6. A system for processing of text documents for enhancing compression efficiency, comprising:

one or more processors; and

one or more memories coupled with the one or more processors, the one or more memories storing programmed instructions, which when executed by the one or more processors, causes the one or more processors to:

identify language of a text document;

identify longer words within the text document;

map the longer words to more shorter representations based on at least one of an international language pattern and a pre-defined compact form;

compact the text document by substituting longer words with their corresponding shorter representations using a pre-defined look-up table; and

apply conventional compression algorithms to compacted text document to achieve improved compression ratios.
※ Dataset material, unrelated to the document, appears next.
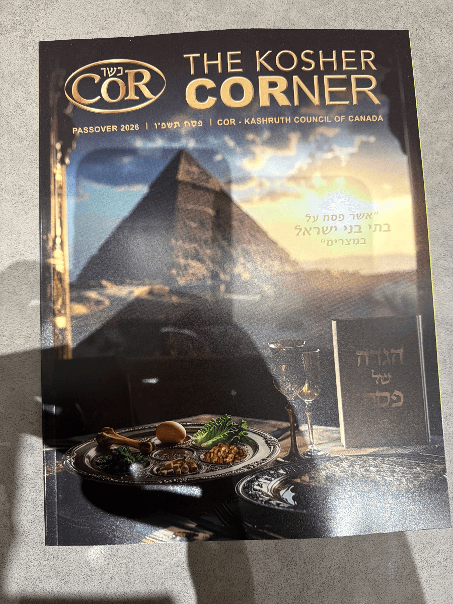The 2026 Passover edition of The Kosher Corner published by COR - Kashruth Council of Canada. This guide contains updated kashrut listings and halachic information for the Pesach holiday. In excellent, like-new condition.
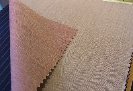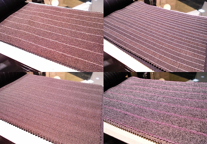 ウール75%、シルク25%の混率で光沢が強くかなり華やかな生地。シルクの光沢を活かすために生地のフェニッシングは手作業で行い、見栄え良い生地になります。

7. The system of claim 6, further comprising uncompacting of the text document by decompressing the text document using the commercial decompression algorithm and applying the pre-defined look-up table to restore the original text from the compacted shorter representations.

8. The system of claim 6, wherein the system for processing text documents involves compacting the text document using the pre-defined look-up table, thereby reducing the text size and optimizing storage without the need for conventional compression algorithms.

9. The system of claim 6, wherein the system for processing text documents involves compacting the text document using the pre-defined look-up table, which can be utilized without conventional compression algorithms to prepare the text for training machine learning technologies.

10. The system of claim 6, wherein the compression ratio is higher for text documents that are written in a single, uniform language due to the use of at least one of a multilingual and a language-agnostic pre-defined look-up table for compacting the text document.